Nikhil-2002 · akshatj-05 · Oct 22, 2025
diff --git a/backtracking/README.md b/backtracking/README.md
@@ -0,0 +1,100 @@
+# Backtracking Algorithms
+
+This folder contains implementations of classic backtracking problems with detailed explanations and solutions.
+
+## Problems Included
+
+### 1. N-Queens Problem (`n_queens.cpp`)

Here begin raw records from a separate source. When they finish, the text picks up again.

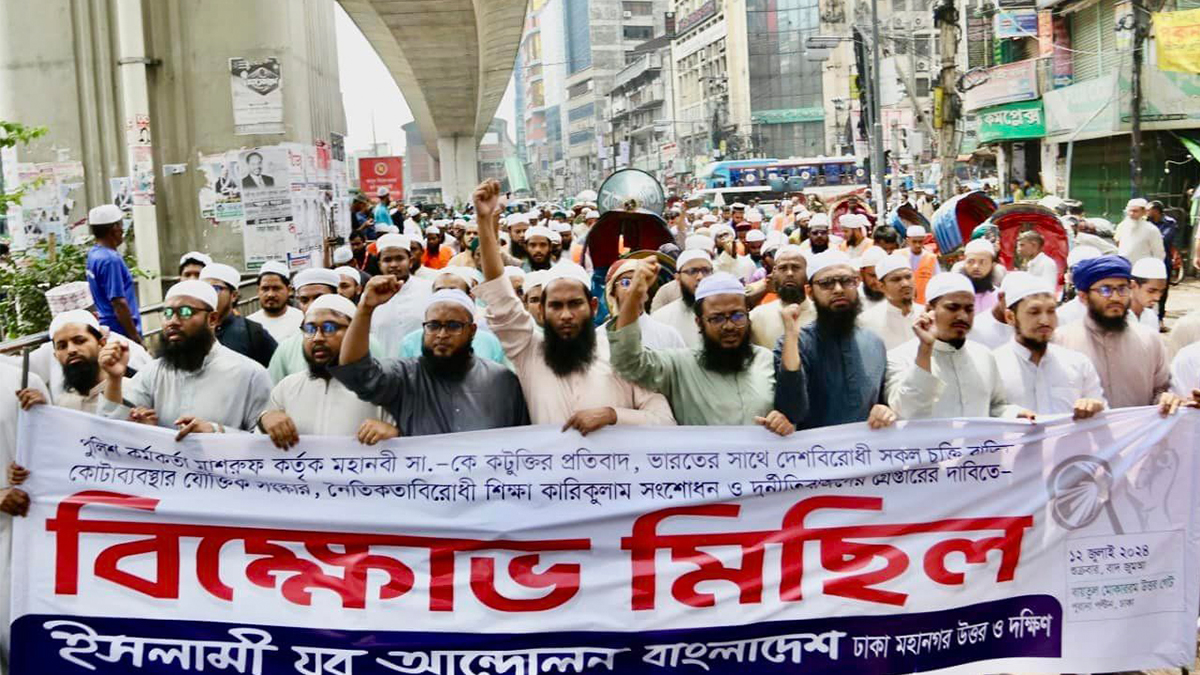 এ সময় কোটাব্যবস্থা সংস্কার, নৈতিকতাবিরোধী শিক্ষা কারিকুলাম সংশোধন ও দুর্নীতিবাজদের গ্রেফতারের দাবি জানান বিক্ষোভকারীরা। একই সাথে বিশ্বনবীকে নিয়ে কটুক্তি করা পুলিশ কর্মকর্তার শাস্তি দাবি করেন তারা।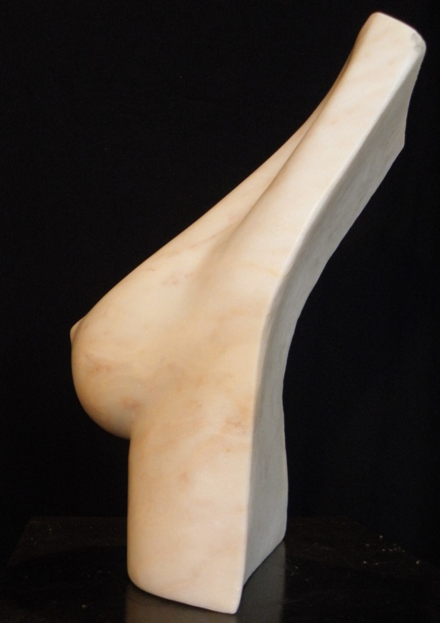 Borst gemaakt uit portugees marmer. Thema gekozen in het kader van Pink Ribbon en preventie onderzoek. de voorstelling is de omkadering als van een rontgenfoto gemaakt bij preventief borst onderzoek van borst en oksel. Meerdere fotos op te vragen
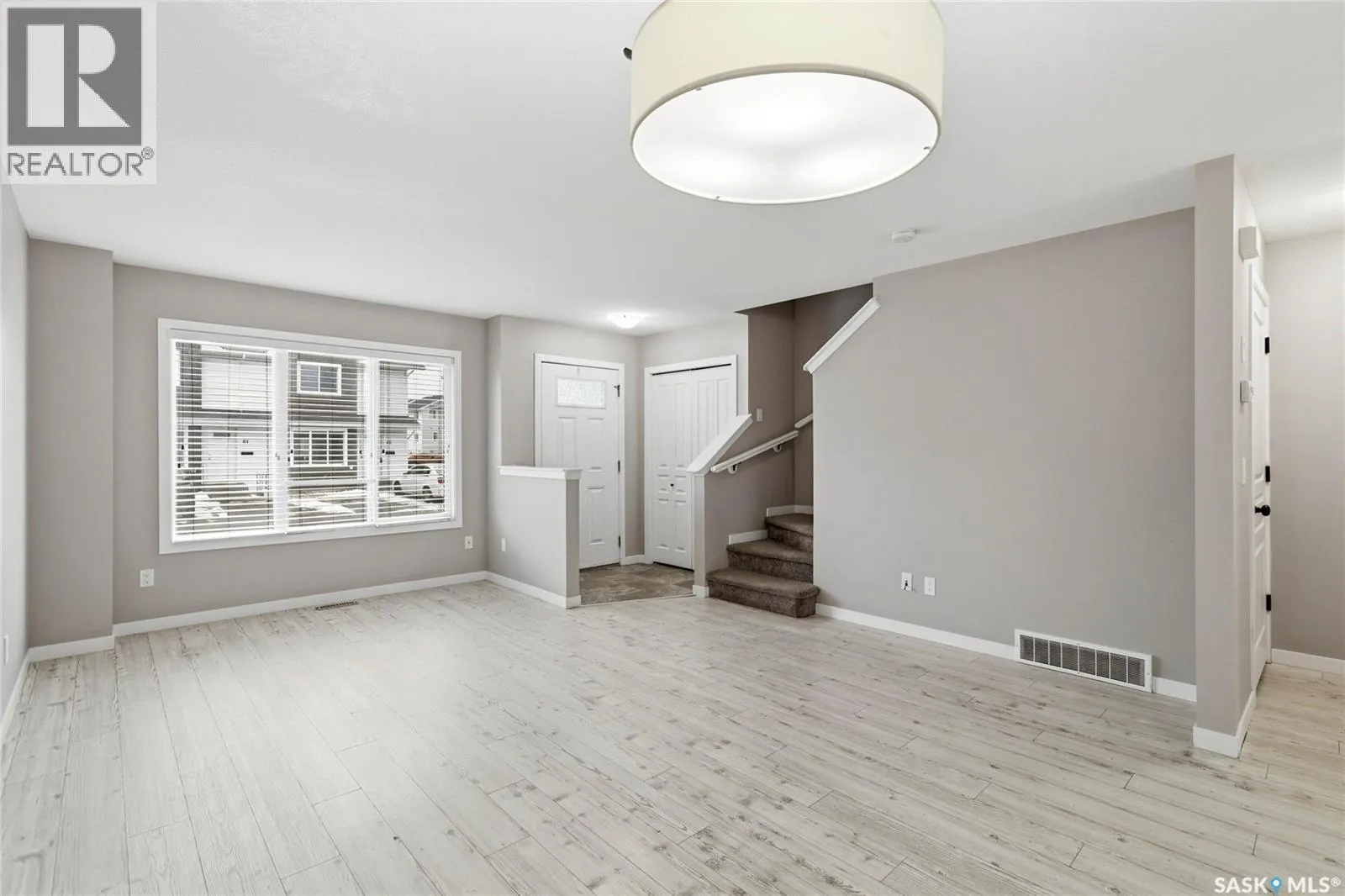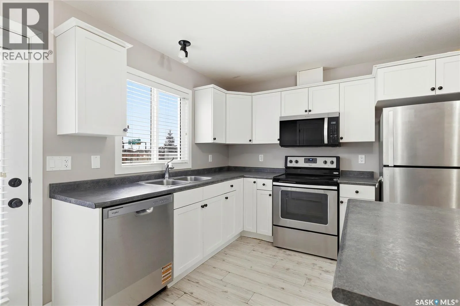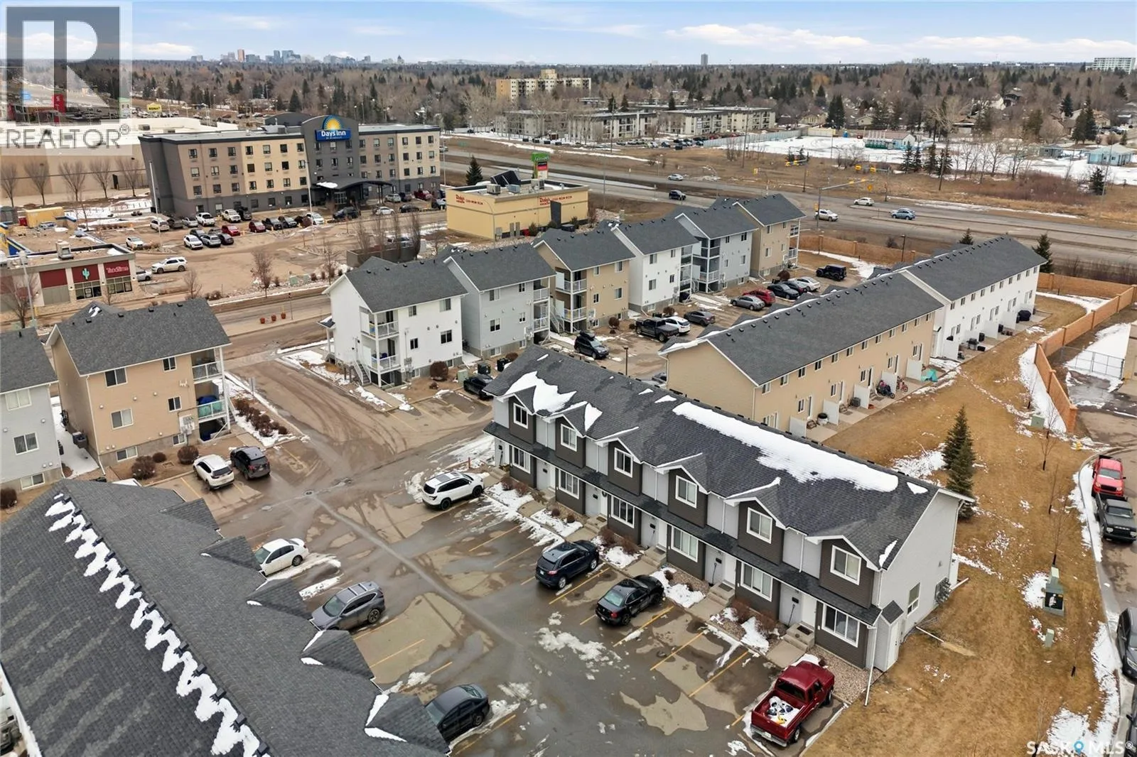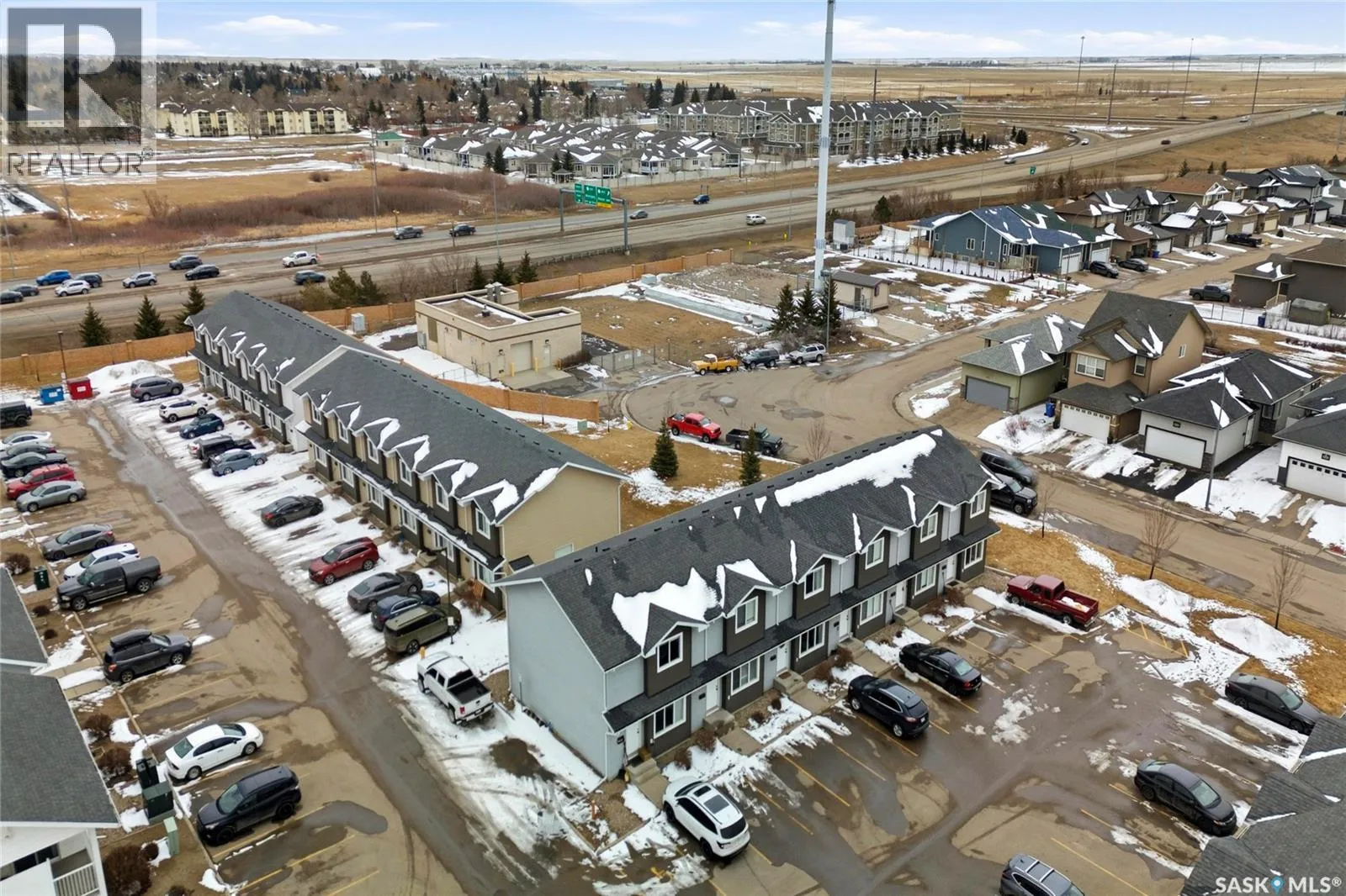 Plan: 102163698 Unit: 36 Ex 0 This beautifully and tremendously townhouse condo in amazing Harbour Landing neighbourhood community is less than 9 minutes drive to Regina International Airport, quick access to Ring Road, short walking distance to green space, shopping centres, restaurants, coffee shops, clinics, and other amenities. The main level has an open flow with L-shaped kitchen fitted with stainless steel appliances, closet system pantry, plenty of cabinets, counter space with an eat-up island open to dining and a living room area with large window that illuminate natural lights. 2nd level features sizable primary bedroom with walk-in closet, two decent size bedrooms, and 4pcs bathroom complements this level. Basement level is large, spacious for storage and ready for development. Newly painted and built-in dishwasher replaced April 2026. Condo fee is $256 and include: Common Area Maintenance, External Building Maintenance, Lawncare, Snow Removal, Insurance (Common). Schedule your showings. (id:27476)

+- **Problem**: Place N queens on an N×N chessboard such that no two queens attack each other
+- **Time Complexity**: O(N!)
+- **Space Complexity**: O(N²)
+- **Key Features**:
+  - Finds one solution
+  - Finds all possible solutions
+  - Detailed safety checking for queen placement
+
+### 2. Rat in Maze (`rat_in_maze.cpp`)
+- **Problem**: Find a path from top-left to bottom-right corner in a maze
+- **Time Complexity**: O(2^(n²)) in worst case
+- **Space Complexity**: O(n²)
+- **Key Features**:
+  - Finds one solution path
+  - Finds all possible paths
+  - Handles blocked and open cells
+
+### 3. Sudoku Solver (`sudoku_solver.cpp`)
+- **Problem**: Solve a 9×9 Sudoku puzzle using backtracking
+- **Time Complexity**: O(9^(n×n))
+- **Space Complexity**: O(n×n)
+- **Key Features**:
+  - Validates Sudoku rules (row, column, 3×3 box)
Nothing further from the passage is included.